Procès Dupuis: comptabilité créative au su et vu de la direction syndicale
CEIC

MONTRÉAL - La haute direction de la FTQ-Construction était bien au fait des dépenses extravagantes de son ex-directeur général, Jocelyn Dupuis, et fermait les yeux car les sommes réclamées en trop «allaient au bien-être des travailleurs» de la centrale.

C'est ce qu'a soutenu, en défense, l'ex-secrétaire du conseil exécutif de la FTQ-Construction, Alain Pigeon, lors de son témoignage, mercredi, au procès pour fraude et fabrication de faux de M. Dupuis, au palais de justice de Montréal.

La question des comptes de dépenses de M. Dupuis n'a été soulevée qu'à une reprise durant les trois ou quatre ans où M. Pigeon était secrétaire, et le président de la centrale, Jean Lavallée, avait alors déclaré qu'il était en accord avec cette façon de faire, qu'il ne fallait plus en parler et que M. Dupuis faisait un bon travail.

Avant de devenir secrétaire, M. Pigeon avait mis sur pied un nouveau local pour les ferblantiers. L'une de ses fonctions était d'emmener les employeurs au restaurant afin de les inciter à favoriser les syndiqués de la FTQ lors du maraudage.

Certains de ces repas lui ont été remboursés en argent liquide par Jocelyn Dupuis sans que ce dernier ne réclame la moindre pièce justificative.

Il a aussi raconté que Jocelyn Dupuis et Robert Paul, le directeur des opérations, versaient constamment des sommes en argent comptant pour payer les repas de militants sur les piquets de grève et lorsqu'ils assuraient la sécurité lors de manifestations.

L'une de ces dépenses consistait parfois à acheter comptant des morceaux de bois (2X4) destinés en principe à tenir des pancartes, mais qui pouvaient aussi servir «d'armes», selon son expression.

En contre-interrogatoire, le procureur de la Couronne, Me Jacques Dagenais, a déposé les états financiers de la centrale, qui démontrent que plus de deux millions $ ont été versés en 2007 pour les manifestations et négociations, le soutien aux affiliés et la campagne de maraudage. Me Dagenais a demandé pourquoi, dans ce cas, il était nécessaire de fabriquer de faux reçus et de gonfler des factures pour verser de l'argent comptant.

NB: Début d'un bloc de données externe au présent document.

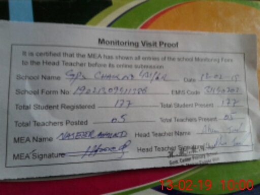 | Attendance Register | Head Teacher | MEA with School | Visit Proof |
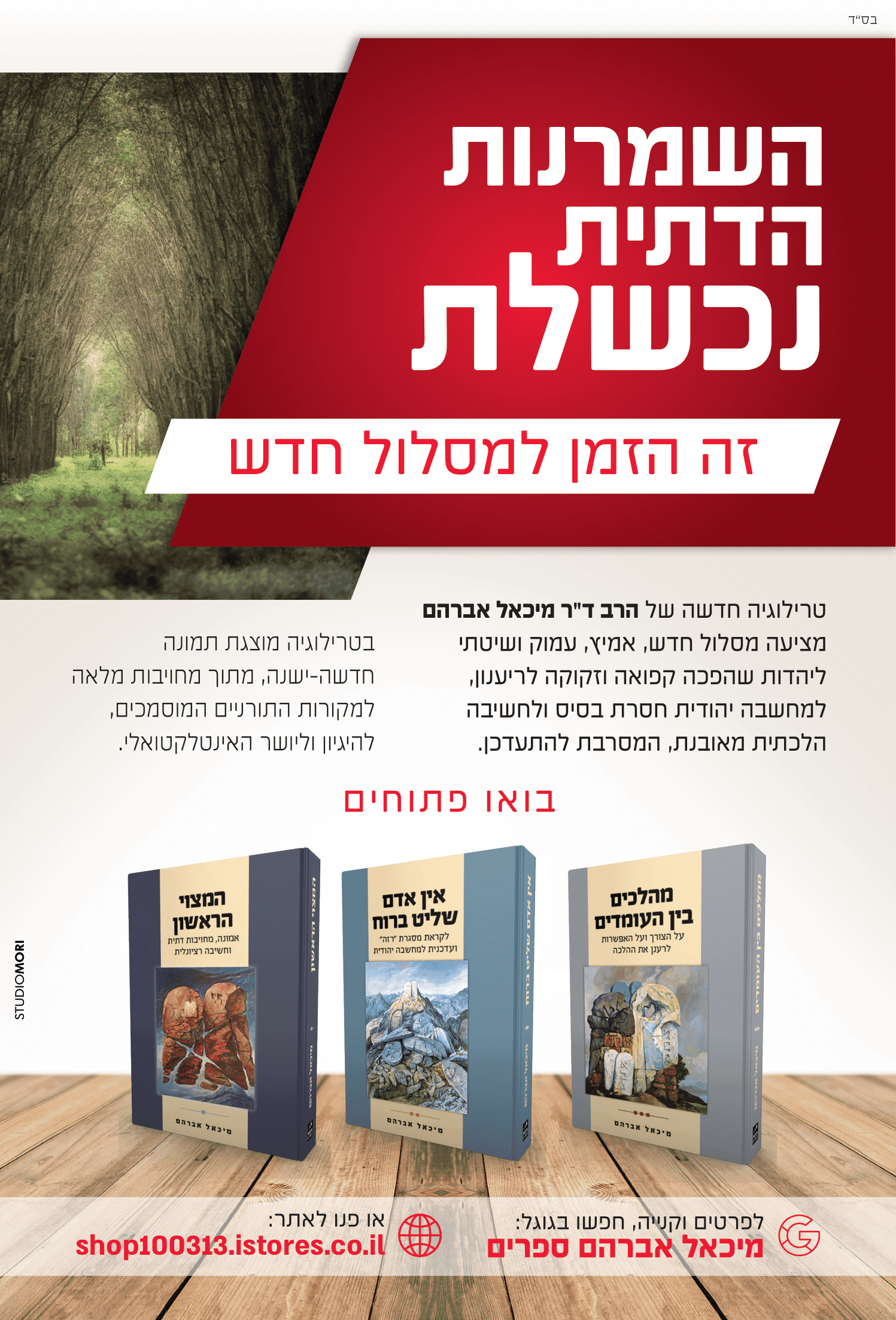 This coming Sabbath an ad for the trilogy is scheduled to appear in the newspaper. We posted it in several forums in order to receive reactions, and quite a few of the responses claimed that it was condescending, dogmatic, and overly provocative. To tell the truth, that surprised me greatly, since from my point of view there was nothing of the sort in it. I thought it proper to explain the matter, if only out of appreciation for all those who participate in the discussion and engagement with these issues in the various groups. I will do so relatively briefly, because I have already discussed almost all of these matters more than once.
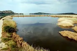 Gialova Lagoon (Greek: Γιάλοβα, pronounced [ˈʝalova]) – also known as Divari, from the Latin word vivarium, meaning "fishery" – is a brackish body of water in the municipality of Pylos-Nestor, Greece, about 8 kilometres (5.0 mi) north of Pylos. The lagoon, together with Voidokilia Bay, belongs to a unique ecosystem which constitutes a protected zone, in terms of both natural and cultural heritage. From the natural point of view, the entire area, together with Navarino Bay and the island of Sphacteria, forms part of the network Natura 2000 and has been named a Zone of Special Protection, with code GR2550008, and an Area of EU Importance, with code GR2550004.
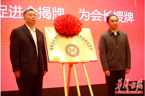 中国非遗联盟秘书长王義林与湖南省文化厅党组成员、副厅长张帆为湖南省非遗促进会揭牌

M. Pigeon a répondu qu'il s'agissait d'une «méthode comptable».

Jocelyn Dupuis a réclamé pour quelque 225 000 $ de dépenses, surtout en frais de restaurant, entre décembre 2007 et novembre 2008. Il a été établi qu'une portion importante de ces réclamations étaient appuyées par des reçus écrits de la main de Jocelyn Dupuis lui-même et que plusieurs reçus étaient soit fictifs, soit sévèrement gonflés.

Dans son témoignage, Alain Pigeon est allé jusqu'à affirmer qu'il connaissait Jocelyn Dupuis depuis une dizaine d'années, que celui-ci «n'a jamais mis une cenne noire dans ses poches» et que tout ce qu'il a fait l'a été «pour le bien des travailleurs».

Le deuxième témoin de la défense, le vice-président de l'exécutif Richard Grondin, a utilisé exactement les mêmes mots lorsqu'est venu son tour à la barre, ajoutant qu'il le jurait sur la tête de ses quatre enfants.

M. Grondin a raconté que souvent, Jocelyn Dupuis et lui rencontraient des entrepreneurs au restaurant La Mise au jeu du Centre Bell avant des matchs de hockey, que les rencontres se poursuivaient «entre les périodes» et que Jocelyn Dupuis payait toujours la note.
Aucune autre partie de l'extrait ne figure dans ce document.